++++ Input data

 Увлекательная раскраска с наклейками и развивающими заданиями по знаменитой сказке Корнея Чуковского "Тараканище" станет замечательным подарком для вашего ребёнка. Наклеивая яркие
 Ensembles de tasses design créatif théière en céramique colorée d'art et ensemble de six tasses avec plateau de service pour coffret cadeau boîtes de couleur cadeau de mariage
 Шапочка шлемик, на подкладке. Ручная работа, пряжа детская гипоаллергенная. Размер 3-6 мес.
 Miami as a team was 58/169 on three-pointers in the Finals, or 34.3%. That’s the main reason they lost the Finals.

++++++++
++++ Input data

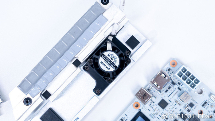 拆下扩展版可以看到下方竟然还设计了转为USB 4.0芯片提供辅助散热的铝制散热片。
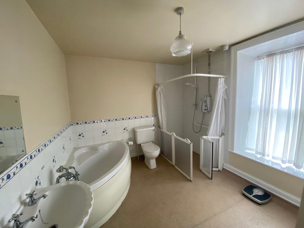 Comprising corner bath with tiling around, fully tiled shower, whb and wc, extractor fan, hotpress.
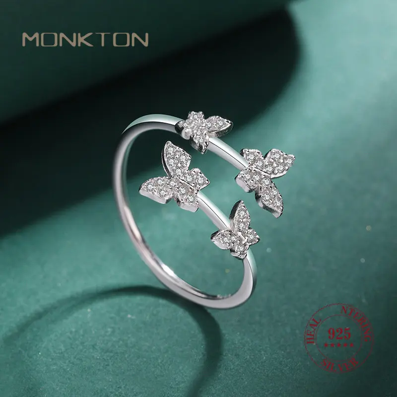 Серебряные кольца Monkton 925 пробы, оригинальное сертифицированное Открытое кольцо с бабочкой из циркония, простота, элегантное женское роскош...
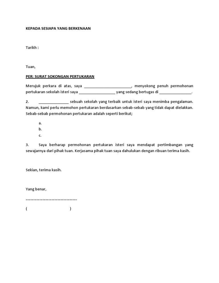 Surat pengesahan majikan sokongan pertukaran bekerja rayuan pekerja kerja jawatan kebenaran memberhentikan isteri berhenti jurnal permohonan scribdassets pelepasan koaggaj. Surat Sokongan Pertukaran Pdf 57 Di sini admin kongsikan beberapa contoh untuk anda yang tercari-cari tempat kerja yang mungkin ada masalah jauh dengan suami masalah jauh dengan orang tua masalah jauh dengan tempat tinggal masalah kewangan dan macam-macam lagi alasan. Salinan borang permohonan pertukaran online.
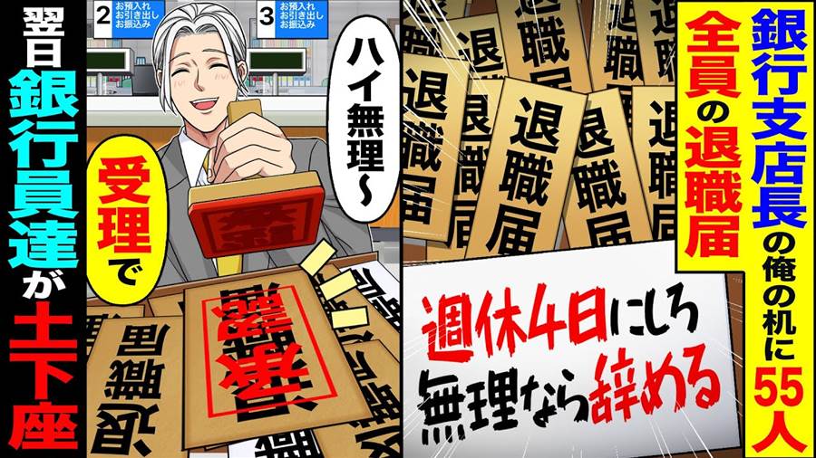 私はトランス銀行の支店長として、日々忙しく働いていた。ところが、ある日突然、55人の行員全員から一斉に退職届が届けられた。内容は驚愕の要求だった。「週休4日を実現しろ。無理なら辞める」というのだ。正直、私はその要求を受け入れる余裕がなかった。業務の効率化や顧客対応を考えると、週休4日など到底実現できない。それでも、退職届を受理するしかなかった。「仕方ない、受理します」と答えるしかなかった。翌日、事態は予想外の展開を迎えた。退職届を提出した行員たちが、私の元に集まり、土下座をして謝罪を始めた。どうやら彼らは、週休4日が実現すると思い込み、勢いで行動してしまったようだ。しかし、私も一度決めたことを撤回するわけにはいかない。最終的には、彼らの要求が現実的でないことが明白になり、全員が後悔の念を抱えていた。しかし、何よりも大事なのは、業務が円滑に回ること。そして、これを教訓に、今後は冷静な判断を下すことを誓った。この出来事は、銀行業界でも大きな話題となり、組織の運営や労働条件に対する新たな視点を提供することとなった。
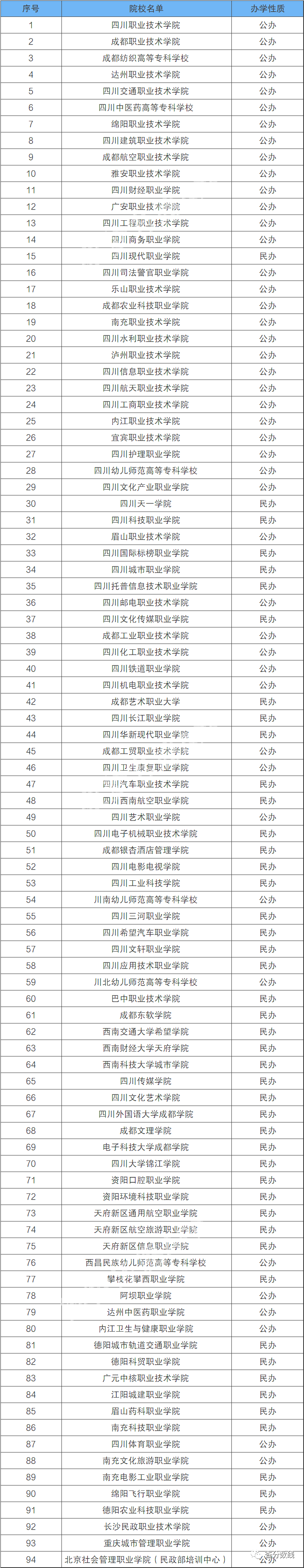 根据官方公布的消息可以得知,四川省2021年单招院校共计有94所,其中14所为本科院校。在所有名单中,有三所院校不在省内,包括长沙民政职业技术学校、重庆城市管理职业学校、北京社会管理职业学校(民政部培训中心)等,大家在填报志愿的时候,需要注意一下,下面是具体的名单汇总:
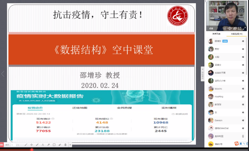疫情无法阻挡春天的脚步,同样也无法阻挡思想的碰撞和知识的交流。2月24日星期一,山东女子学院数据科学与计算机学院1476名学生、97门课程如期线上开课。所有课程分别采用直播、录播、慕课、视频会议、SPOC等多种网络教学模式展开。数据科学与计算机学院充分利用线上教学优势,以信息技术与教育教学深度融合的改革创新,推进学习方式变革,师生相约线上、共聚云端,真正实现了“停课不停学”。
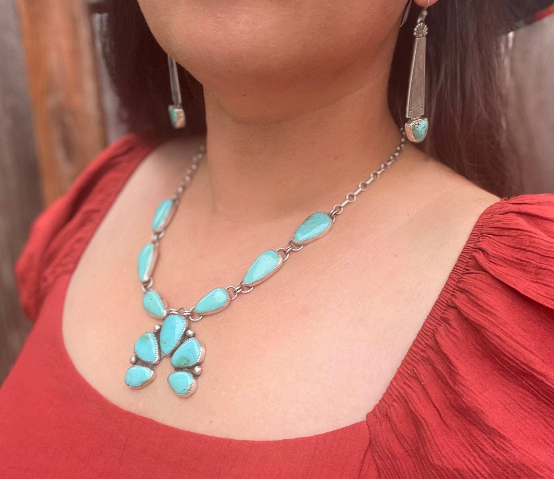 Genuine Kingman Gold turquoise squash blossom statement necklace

++++++++

Exercise aim
Pictures aside, return exactly the lines from the data above, starting at the line that has "Серебряные кольца Monkton" and ending at the line that has "根据官方公布的消息可以得知,四川省202", both included.

Solved problem
 Серебряные кольца Monkton 925 пробы, оригинальное сертифицированное Открытое кольцо с бабочкой из циркония, простота, элегантное женское роскош...
 Surat pengesahan majikan sokongan pertukaran bekerja rayuan pekerja kerja jawatan kebenaran memberhentikan isteri berhenti jurnal permohonan scribdassets pelepasan koaggaj. Surat Sokongan Pertukaran Pdf 57 Di sini admin kongsikan beberapa contoh untuk anda yang tercari-cari tempat kerja yang mungkin ada masalah jauh dengan suami masalah jauh dengan orang tua masalah jauh dengan tempat tinggal masalah kewangan dan macam-macam lagi alasan. Salinan borang permohonan pertukaran online.
 私はトランス銀行の支店長として、日々忙しく働いていた。ところが、ある日突然、55人の行員全員から一斉に退職届が届けられた。内容は驚愕の要求だった。「週休4日を実現しろ。無理なら辞める」というのだ。正直、私はその要求を受け入れる余裕がなかった。業務の効率化や顧客対応を考えると、週休4日など到底実現できない。それでも、退職届を受理するしかなかった。「仕方ない、受理します」と答えるしかなかった。翌日、事態は予想外の展開を迎えた。退職届を提出した行員たちが、私の元に集まり、土下座をして謝罪を始めた。どうやら彼らは、週休4日が実現すると思い込み、勢いで行動してしまったようだ。しかし、私も一度決めたことを撤回するわけにはいかない。最終的には、彼らの要求が現実的でないことが明白になり、全員が後悔の念を抱えていた。しかし、何よりも大事なのは、業務が円滑に回ること。そして、これを教訓に、今後は冷静な判断を下すことを誓った。この出来事は、銀行業界でも大きな話題となり、組織の運営や労働条件に対する新たな視点を提供することとなった。
 根据官方公布的消息可以得知,四川省2021年单招院校共计有94所,其中14所为本科院校。在所有名单中,有三所院校不在省内,包括长沙民政职业技术学校、重庆城市管理职业学校、北京社会管理职业学校(民政部培训中心)等,大家在填报志愿的时候,需要注意一下,下面是具体的名单汇总:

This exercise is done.